Why do Japanese people go to shrines?

This time, I would like to introduce you to the mysterious power spot called a “shrine” in Japan.

Why do Japanese people go to shrines so often?

Sometimes we are asked,”Who is the god you are following?”

On the other hand, even though it is difficult to think of a special god, we feel that there is a god naturally.

So hen the new year begins, many people visit the shrine to greet God for the New Year.

People thank God for the safety of the previous year and wish for good luck in the next year.

In this way, it is customary to visit a shrine at a turning point in life, such as New Year’s Day, Shichigosan(1), and entrance exams.

It is believed that God exists not only in shrines but also in nature such as mountains and waterfalls. Here are some mysterious photos of my favorite shrine. What does this look like?

This is a small waterfall that approaches the shrine in a place called “Shirayama Hime Shrine” in Ishikawa Prefecture.

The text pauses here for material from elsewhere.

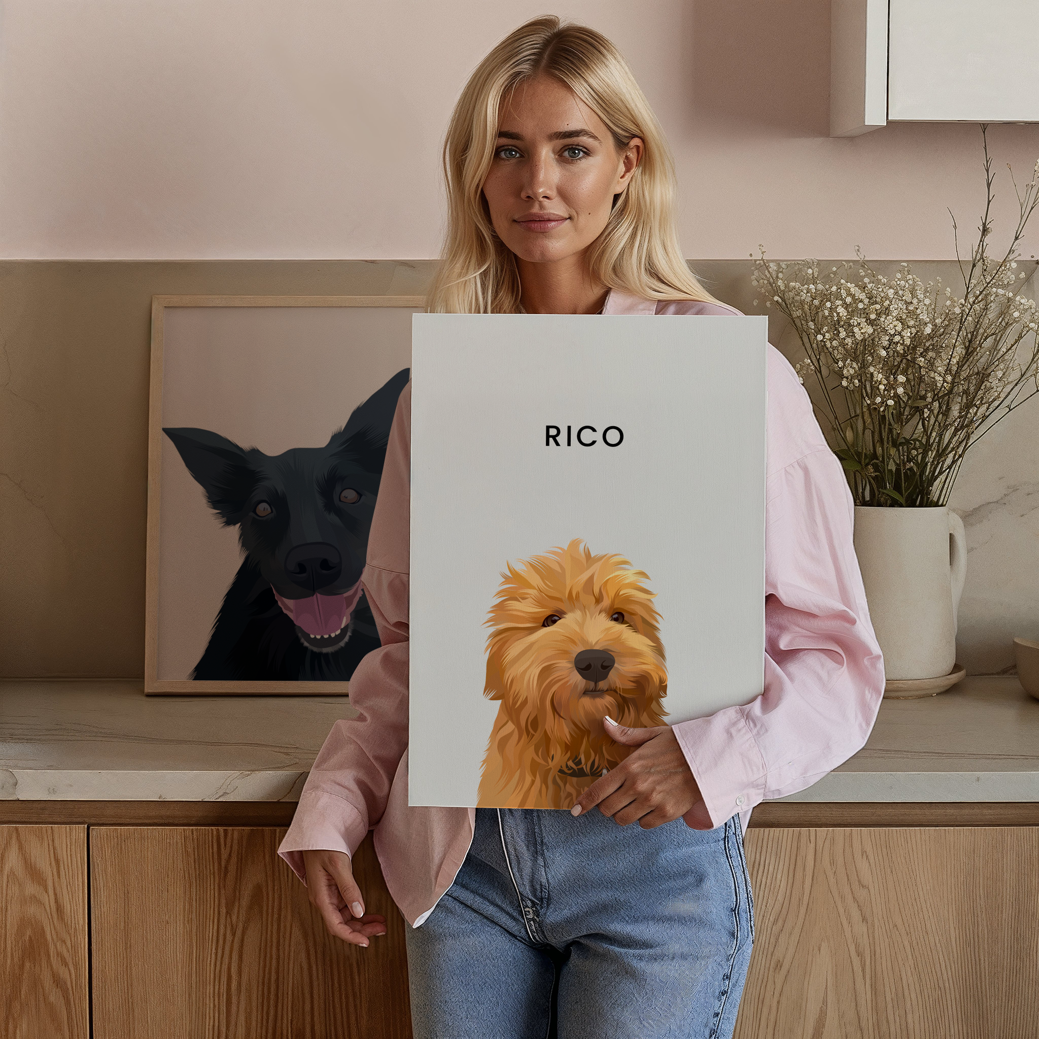 Create a beautiful custom pet portrait at Tara's Home! Simply upload a photo of your pet and personalize it with their name. Each portrait is crafted by talented artists using a manual design process for unique, authentic artwork. Enjoy free shipping on all orders and a 100% satisfaction guarantee.

Shirayama Hime Jinja Shrine
http://www.shirayama.or.jp/en/index.html

Something like the shape of a dragon’s face emerges in this.

It is said that the gods are talking to us, and that they are very close and protect us.

Very good things happen when you can see this.

In addition to this, saiun (clouds with rainbows) and clouds that look like dragon scales are said to be ways that God shows us its existence.

In this way, in Japan, we feel God in the immediate vicinity of us and believe that we are always protected.

The Japanese god may be talking to you as well.

I hope you will be lucky the next time you look up at the sky.

(1) Shichigosan: A traditional Japanese custom of visiting a shrine to thank a child for his successful growth at the ages of 3, 5, and 7.